→ Work to complete
The required answer is the run of lines from the one holding "- Air speeds" to the end of the data below, copied exactly and free of pictures.

→ Dataset extract
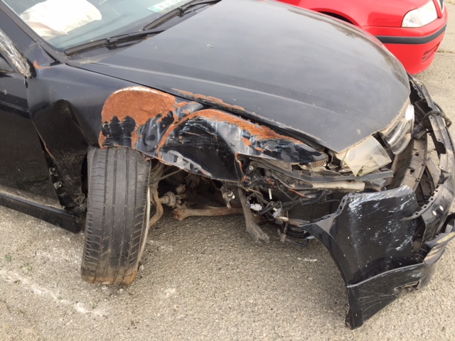 Пошкодження лакофарбового покриття по всьому периметру кузова автомобіля. Загальний технічний стан незадовільний, пошкоджено передній бампер, праве крило, праве переднє колесо, транспортний засіб не на ходу. Тех. паспорт відсутній. Визначити показники одометра не має можливості, оскільки відсутні ключі.
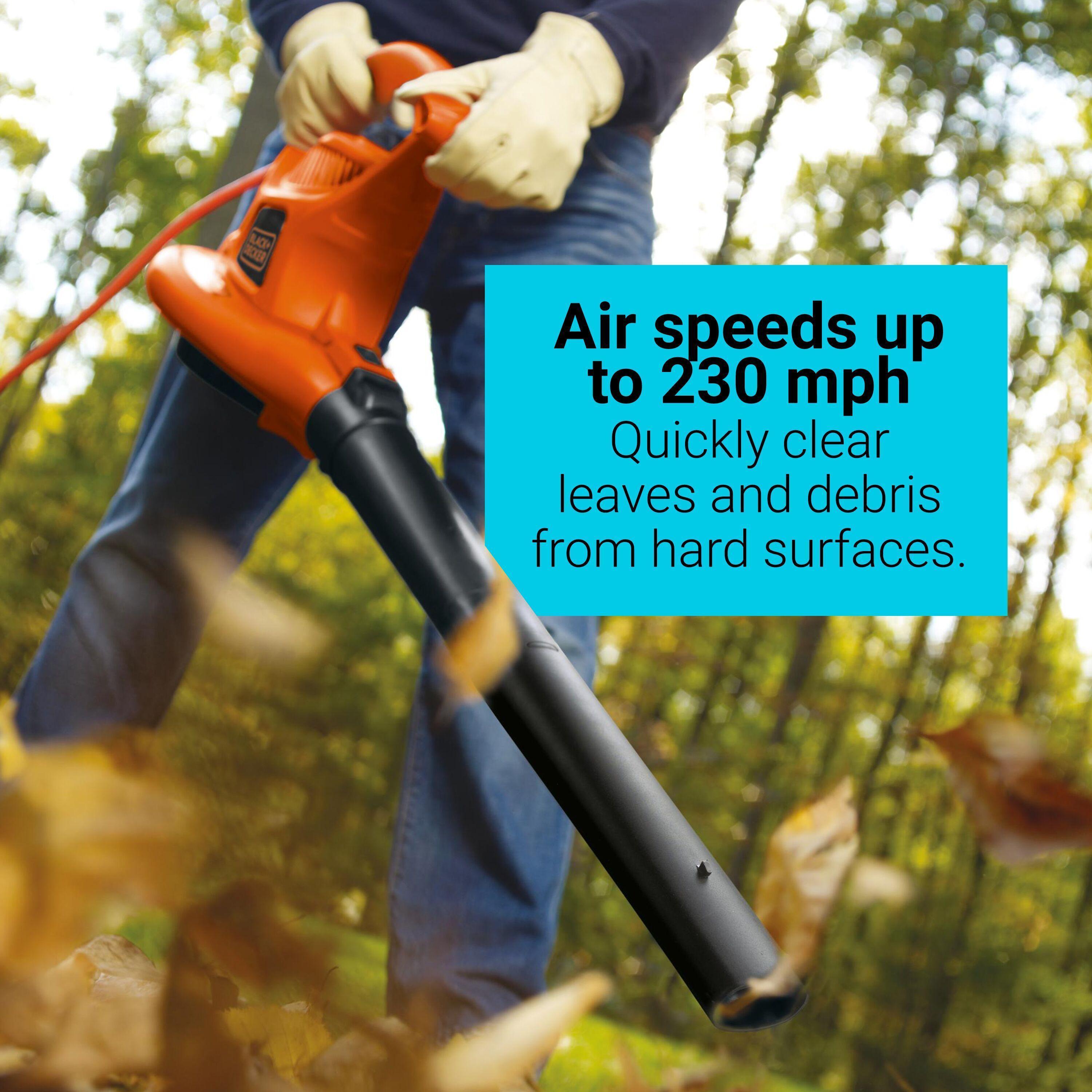 - Air speeds up to 230 mph deliver the power you need for quick, effective clearing on both grass and hard outdoor surfaces
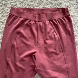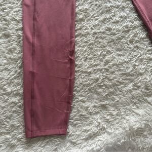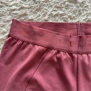 Features: soft high waist rose colored leggings with a logo waistband
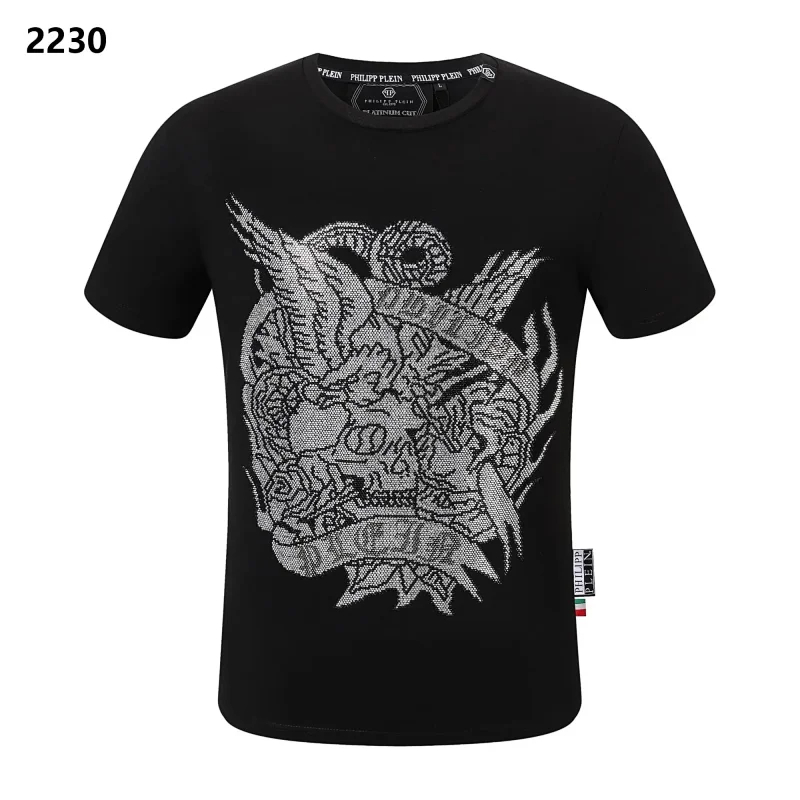 PLEIN Medusa Tiger Head Printed Diamond Short Sleeve T-Shirt-1982

→ Reply
 - Air speeds up to 230 mph deliver the power you need for quick, effective clearing on both grass and hard outdoor surfaces
 Features: soft high waist rose colored leggings with a logo waistband
 PLEIN Medusa Tiger Head Printed Diamond Short Sleeve T-Shirt-1982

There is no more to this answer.